§ THE TASK: Here the job is to transcribe the data exactly while omitting the images.

▼

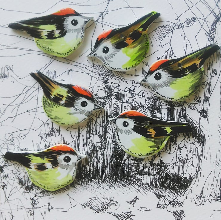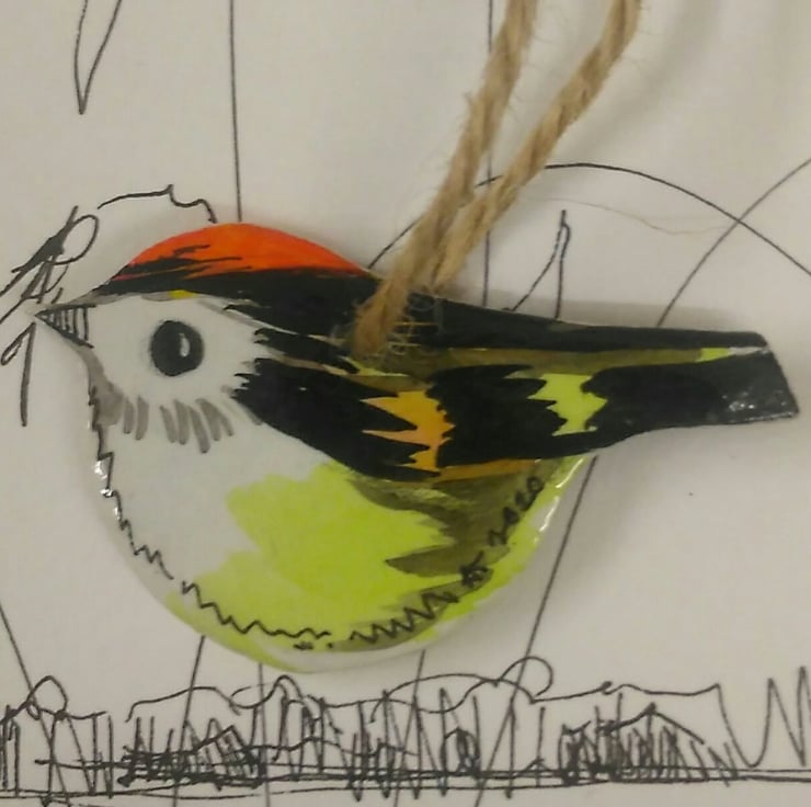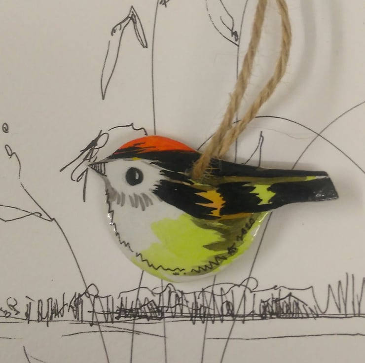Little wooden goldcrest hanging decoration. I love every part of the process from cutting out to the final coat of varnish. Although my favourite part is painting with acrylic inks and adding the detail to try and give each little bird it's own character.
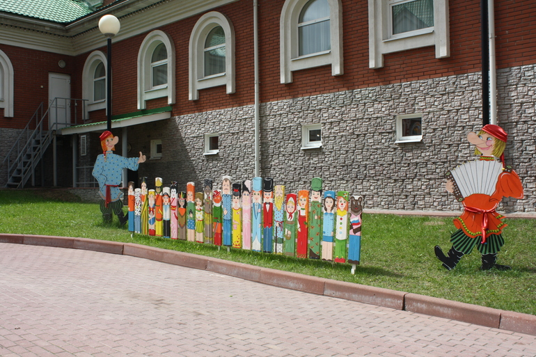 Да-да именно летом, так как зимой туда в основном набирают группы и в основном школьники. Наша дача чуть дальше Клина и будучи на отдыхе на даче решили устроить себе такую экскурсию, заранее забронировав билеты на спектакль. Сцена небольшая,все чистенько и аккуратно,спектакль длился 40-50 мин. детки были разного возраста, но сильно никто не плакал, Дашулька смотрела без отрыва)). До спектакля познакомились с кукольными персонажами, в фойе интересно и красочно,можно фотографировать и снимать,большая выставка ёлочных игрушек и самодельных игрушек,созданных по сказкам...Во дворе в центре огромная ель, там же устраивают гулянья, театрализованные и праздничные программы...
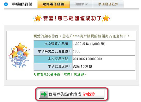 Step 5 恭喜您儲值淘點成功。
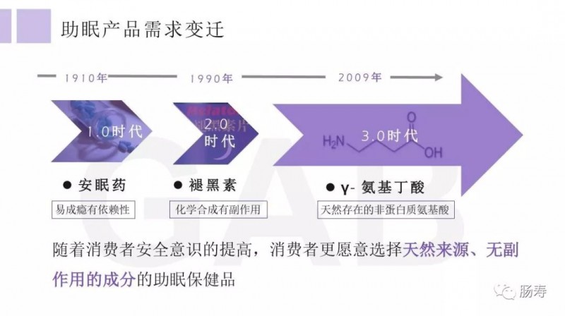 所以在整个助眠产品的需求的变迁当中呢,在1.0的时代,就是安眠药,那么安眠药呢,他易成瘾有依赖性,在2.0时代的时候呢,是褪黑素,那么褪黑素呢,是由化学合成的,有副作用,那么3.0的时代就是我们的蒙牛晚上好,那么蒙牛晚上好,它主要的成分就是叫GABA。那么专业的术语叫氨基丁酸,它是天然存在的非。蛋白质,氨基酸。
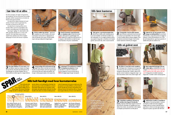 Slibesporene skal fjernes - ved at slibe dem ned med finere slibepapir, som efterlader nye spor. Det fine slibepapir, du skal slutte af med, ville være alt for længe om at fjerne de groveste spor, så man sliber med stadig finere papir. Om du vil slutte af med 150, 180 eller måske finere papir, afgør du selv - på gulvet her er det passende med korn 150.
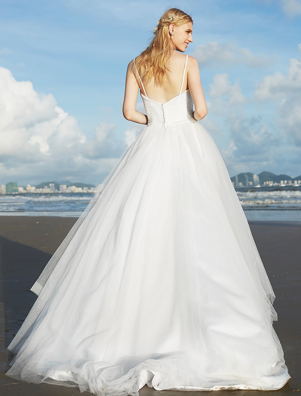 Vestidos de novia de playa, corte A, tirantes finos, sin mangas, cola larga, de gasa, con fajas y cintas.
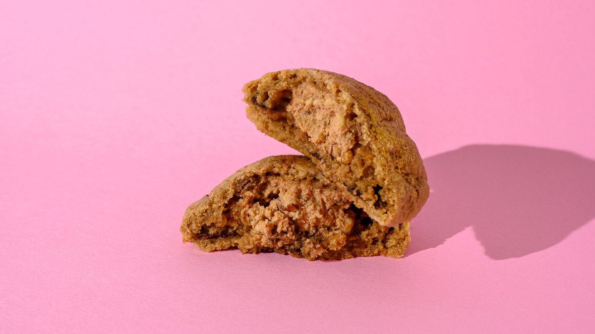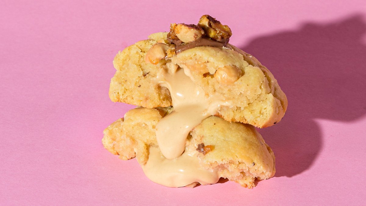 Our 60gr chunkito cookie filled with pistachio praline, white chocolate chips and pistachios
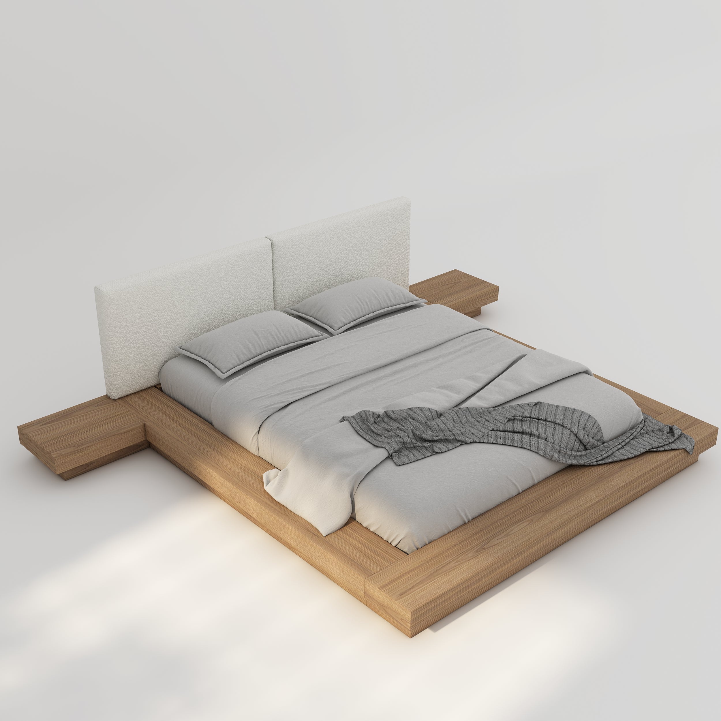 Introducing the Vivien Japanese Bed, a Japanese-inspired platform bed that effortlessly combines minimalist design with modern luxury. Featuring attached nightstands, this bed eliminates the need for a matching set, offering a cohesive and elegant solution for your bedroom. Designed with meticulous attention to detail, the nightstands extend gracefully from either side of the frame, seamlessly integrating into the overall design. The headboard, upholstered in your choice of boucle or linen fabric, is padded with foam for added comfort. The split headboard with a central line creates striking symmetry, while the concealed wooden base gives the bed a sophisticated floating effect.
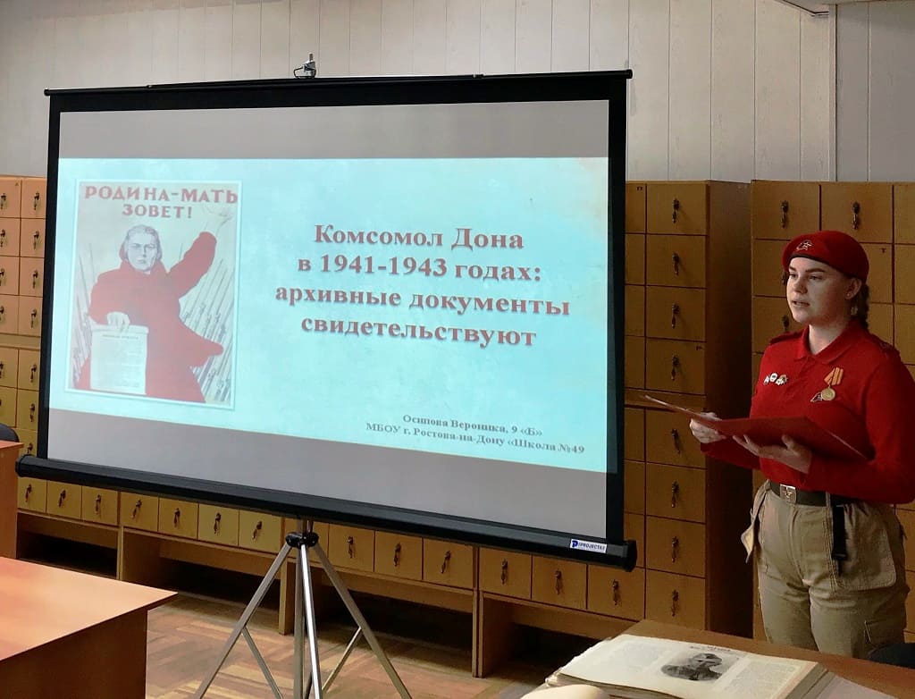 Она была посвящена 75-летию Победы. Участники конкурса школьных музеев «Мы помним» из ростовской школы №49, активисты виртуального музея этого учебного заведения, члены школьной научно-исследовательской ассоциации "Поиск», юнармейцы рассказали собравшимся о ходе работы над исследовательскими проектами, которая выполняется на основе документов, хранящихся в архивных фондах "Комсомол Дона в 1941-1943 гг.: архивные документы свидетельствуют" и "Подростки г. Ростова-на-Дону в составе Ростовского стрелкового полка народного ополчения".
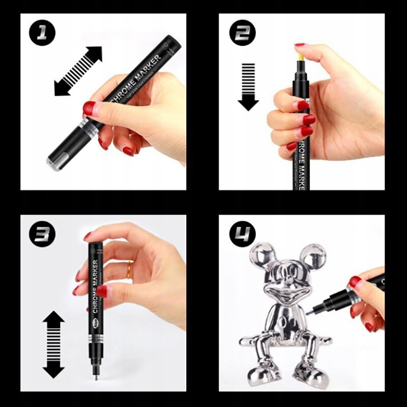 Маркери Liquid Chrome - це унікальний результат тривалої роботи над чорнилом Burner. Унікальне чорнило на спиртовій основі створює дивовижний дзеркальний ефект на гладких невбираючих поверхнях. Маркер з ефектом рідкого хрому ідеально підійде для декорування моделей, макетів, малюнків, етикеток, каліграфії тощо. Ручка стійка до УФ-випромінювання та має високу непрозорість. Після висихання він стійкий до стирання та подряпин.

▲

§ TASK OUTPUT:
Little wooden goldcrest hanging decoration. I love every part of the process from cutting out to the final coat of varnish. Although my favourite part is painting with acrylic inks and adding the detail to try and give each little bird it's own character.
 Да-да именно летом, так как зимой туда в основном набирают группы и в основном школьники. Наша дача чуть дальше Клина и будучи на отдыхе на даче решили устроить себе такую экскурсию, заранее забронировав билеты на спектакль. Сцена небольшая,все чистенько и аккуратно,спектакль длился 40-50 мин. детки были разного возраста, но сильно никто не плакал, Дашулька смотрела без отрыва)). До спектакля познакомились с кукольными персонажами, в фойе интересно и красочно,можно фотографировать и снимать,большая выставка ёлочных игрушек и самодельных игрушек,созданных по сказкам...Во дворе в центре огромная ель, там же устраивают гулянья, театрализованные и праздничные программы...
 Step 5 恭喜您儲值淘點成功。
 所以在整个助眠产品的需求的变迁当中呢,在1.0的时代,就是安眠药,那么安眠药呢,他易成瘾有依赖性,在2.0时代的时候呢,是褪黑素,那么褪黑素呢,是由化学合成的,有副作用,那么3.0的时代就是我们的蒙牛晚上好,那么蒙牛晚上好,它主要的成分就是叫GABA。那么专业的术语叫氨基丁酸,它是天然存在的非。蛋白质,氨基酸。
 Slibesporene skal fjernes - ved at slibe dem ned med finere slibepapir, som efterlader nye spor. Det fine slibepapir, du skal slutte af med, ville være alt for længe om at fjerne de groveste spor, så man sliber med stadig finere papir. Om du vil slutte af med 150, 180 eller måske finere papir, afgør du selv - på gulvet her er det passende med korn 150.
 Vestidos de novia de playa, corte A, tirantes finos, sin mangas, cola larga, de gasa, con fajas y cintas.
 Our 60gr chunkito cookie filled with pistachio praline, white chocolate chips and pistachios
 Introducing the Vivien Japanese Bed, a Japanese-inspired platform bed that effortlessly combines minimalist design with modern luxury. Featuring attached nightstands, this bed eliminates the need for a matching set, offering a cohesive and elegant solution for your bedroom. Designed with meticulous attention to detail, the nightstands extend gracefully from either side of the frame, seamlessly integrating into the overall design. The headboard, upholstered in your choice of boucle or linen fabric, is padded with foam for added comfort. The split headboard with a central line creates striking symmetry, while the concealed wooden base gives the bed a sophisticated floating effect.
 Она была посвящена 75-летию Победы. Участники конкурса школьных музеев «Мы помним» из ростовской школы №49, активисты виртуального музея этого учебного заведения, члены школьной научно-исследовательской ассоциации "Поиск», юнармейцы рассказали собравшимся о ходе работы над исследовательскими проектами, которая выполняется на основе документов, хранящихся в архивных фондах "Комсомол Дона в 1941-1943 гг.: архивные документы свидетельствуют" и "Подростки г. Ростова-на-Дону в составе Ростовского стрелкового полка народного ополчения".
 Маркери Liquid Chrome - це унікальний результат тривалої роботи над чорнилом Burner. Унікальне чорнило на спиртовій основі створює дивовижний дзеркальний ефект на гладких невбираючих поверхнях. Маркер з ефектом рідкого хрому ідеально підійде для декорування моделей, макетів, малюнків, етикеток, каліграфії тощо. Ручка стійка до УФ-випромінювання та має високу непрозорість. Після висихання він стійкий до стирання та подряпин.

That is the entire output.